Tuesday, January 3, 2006
Diurnal variation in pain
Happy New Year Pallimed readers!
Pain has an interesting article on the diurnal variation in chronic neuropathic pain. It caught my eye because I was taught, & I think many people believe, that pain tends to be worse at night. I always attributed it to people being less busy at night, with more time to notice their pain, but clearly that's just a gross assumption that may not be true at all.
The Pain article looks at data gathered from the randomized controlled trial comparing morphine to gabapentin for chronic neuropathic pain (diabetic neuropathy and postherpetic neuralgia) that was published last year in the New England Journal of Medicine. For this article they looked at the pain diaries for the patients when they weren't receiving any active therapy & found a distinct increase in pain across the day. The figure shows the diabetic neuropathy results--you can see quite vividly that the 8pm pain scores were consistently and predictably worse, by a sizable 2/10 points on the 0-10 numeric rating scale, than the 8am scores.
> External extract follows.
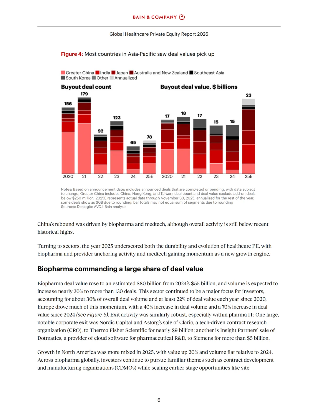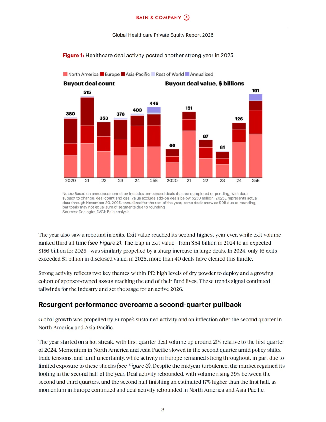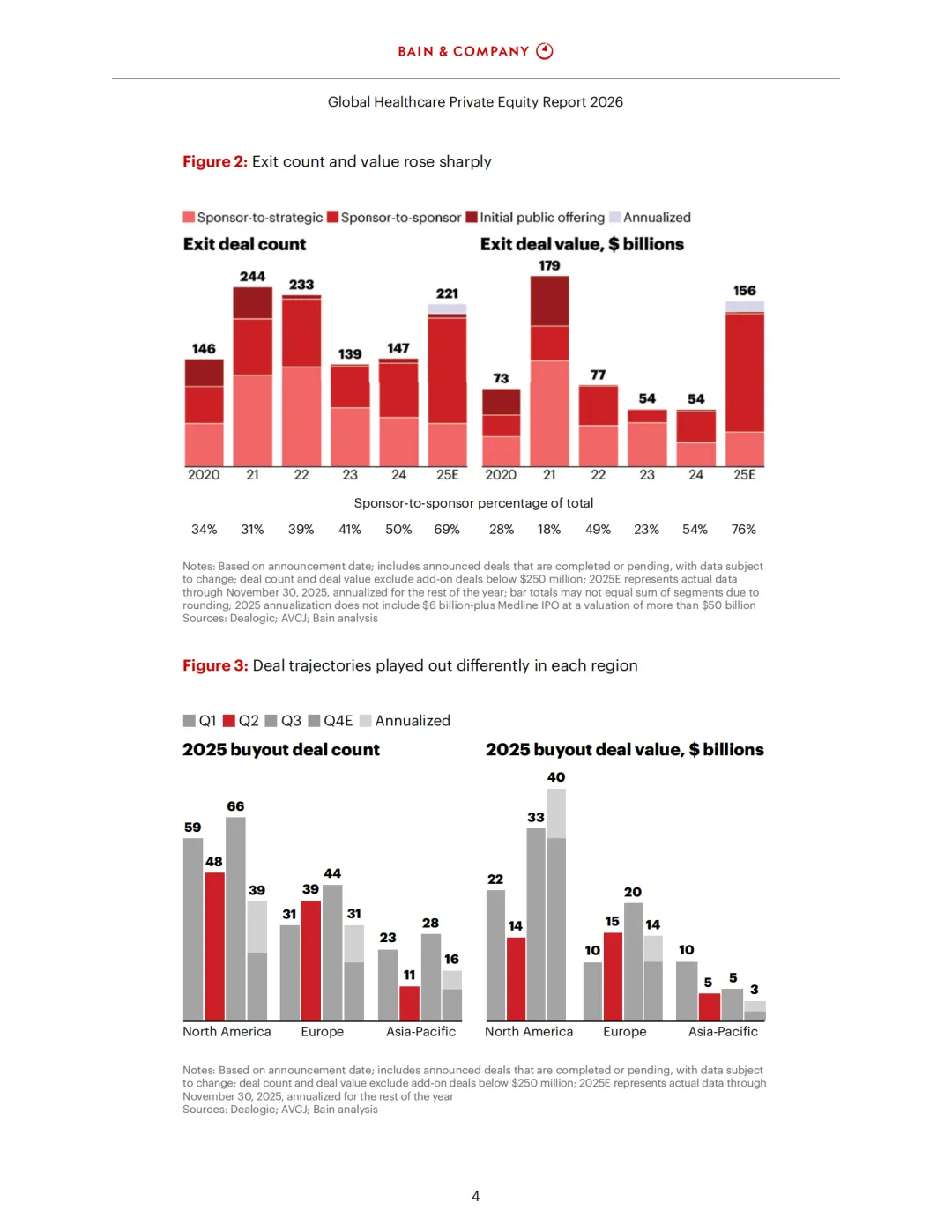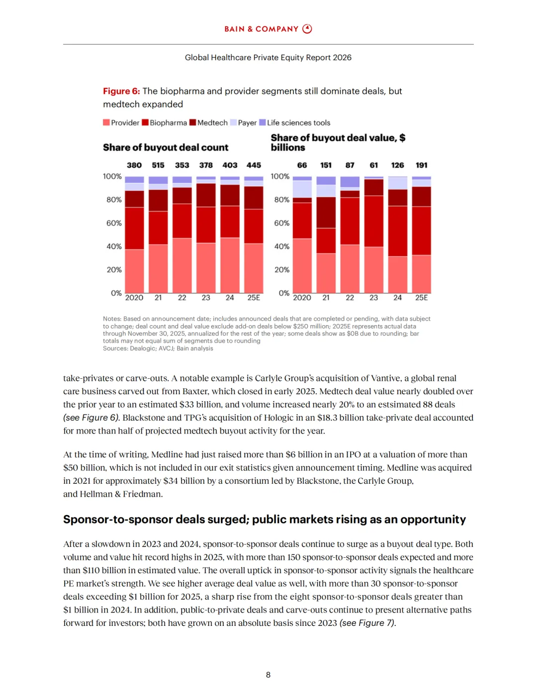 行业板块方面,生物制药持续领跑,交易价值达 800 亿美元,占全球总交易价值的重要份额,欧洲是主要增长引擎;医疗服务机构交易价值增长 57% 至 620 亿美元,医疗 IT 技术赋能成为核心驱动力,相关交易价值翻倍至 320 亿美元;医疗技术自 2020 年起增速显著,2025 年交易价值近乎翻倍至 330 亿美元,黑石与 TPG 以 183 亿美元收购 Hologic 等大额交易成为亮点。

They found similar results for PHN, although the magnitude of the swing wasn't as pronounced. This pattern was preserved even when people were on active treatment. Pain scores overnight (8pm to 8am) weren't, unfortunately, recorded for the trial.
Why this happens I don't know. In their discussion, the authors make murmurings about circadian fluctuations in neurotransmitters and endorphins, and ask whether melatonin (which increases at night) is pro-nociceptive. Clearly, however, no one knows--nor is it known how significant this is outside of chronic neuropathic pain--but the figure dramatically displays how real a phenomenon this can be.